**What is needed**
Ignoring every picture, return the lines of the listing below word for word, from the line that holds "The fracture morphology" through the line that holds "10ilimizi etkileyen 'Asrın".
*** Opening Records for this task ***
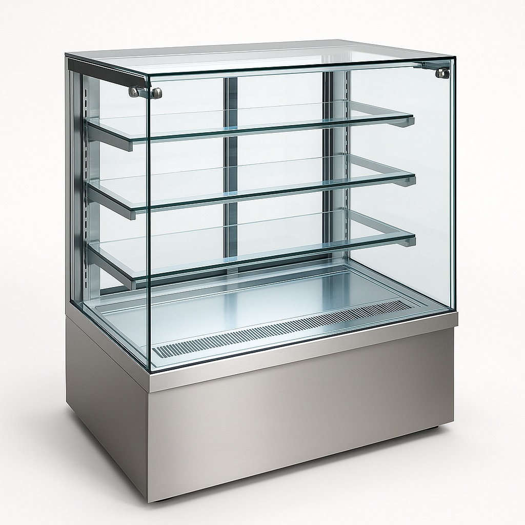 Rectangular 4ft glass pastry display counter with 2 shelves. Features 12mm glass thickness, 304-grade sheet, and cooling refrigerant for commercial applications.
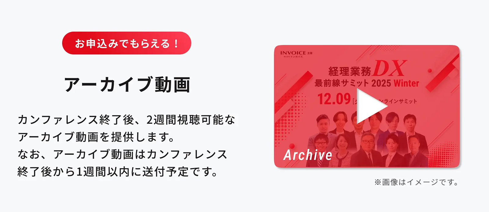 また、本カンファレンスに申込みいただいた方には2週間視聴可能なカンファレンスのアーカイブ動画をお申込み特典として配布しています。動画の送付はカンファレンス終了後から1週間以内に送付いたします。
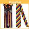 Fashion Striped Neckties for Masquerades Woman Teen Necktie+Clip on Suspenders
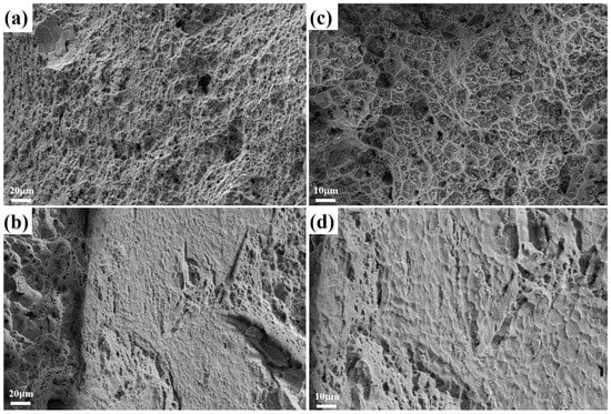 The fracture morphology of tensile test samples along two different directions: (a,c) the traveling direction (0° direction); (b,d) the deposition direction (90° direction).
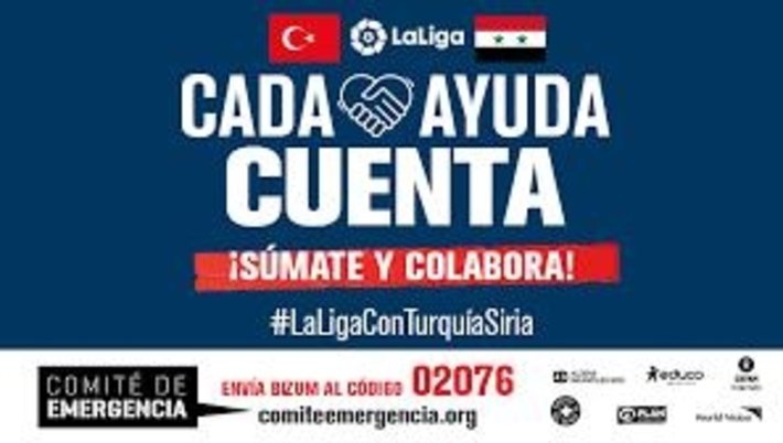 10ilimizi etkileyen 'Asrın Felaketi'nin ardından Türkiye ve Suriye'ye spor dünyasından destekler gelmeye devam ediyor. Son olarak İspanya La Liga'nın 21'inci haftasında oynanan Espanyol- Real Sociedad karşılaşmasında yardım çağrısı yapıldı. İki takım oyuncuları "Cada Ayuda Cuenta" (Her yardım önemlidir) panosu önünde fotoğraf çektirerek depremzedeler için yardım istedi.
*** Closing Records for this task ***
*** Opening Records for this task ***
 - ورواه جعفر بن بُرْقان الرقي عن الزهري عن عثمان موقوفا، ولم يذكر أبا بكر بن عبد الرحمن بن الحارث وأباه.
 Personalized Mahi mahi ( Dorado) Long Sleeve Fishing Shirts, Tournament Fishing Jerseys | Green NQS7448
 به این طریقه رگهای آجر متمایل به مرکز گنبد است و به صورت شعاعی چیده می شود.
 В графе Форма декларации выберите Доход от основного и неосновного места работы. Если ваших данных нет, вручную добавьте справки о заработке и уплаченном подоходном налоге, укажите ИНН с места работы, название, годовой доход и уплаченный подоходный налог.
*** Closing Records for this task ***
**Task result**
 The fracture morphology of tensile test samples along two different directions: (a,c) the traveling direction (0° direction); (b,d) the deposition direction (90° direction).
 10ilimizi etkileyen 'Asrın Felaketi'nin ardından Türkiye ve Suriye'ye spor dünyasından destekler gelmeye devam ediyor. Son olarak İspanya La Liga'nın 21'inci haftasında oynanan Espanyol- Real Sociedad karşılaşmasında yardım çağrısı yapıldı. İki takım oyuncuları "Cada Ayuda Cuenta" (Her yardım önemlidir) panosu önünde fotoğraf çektirerek depremzedeler için yardım istedi.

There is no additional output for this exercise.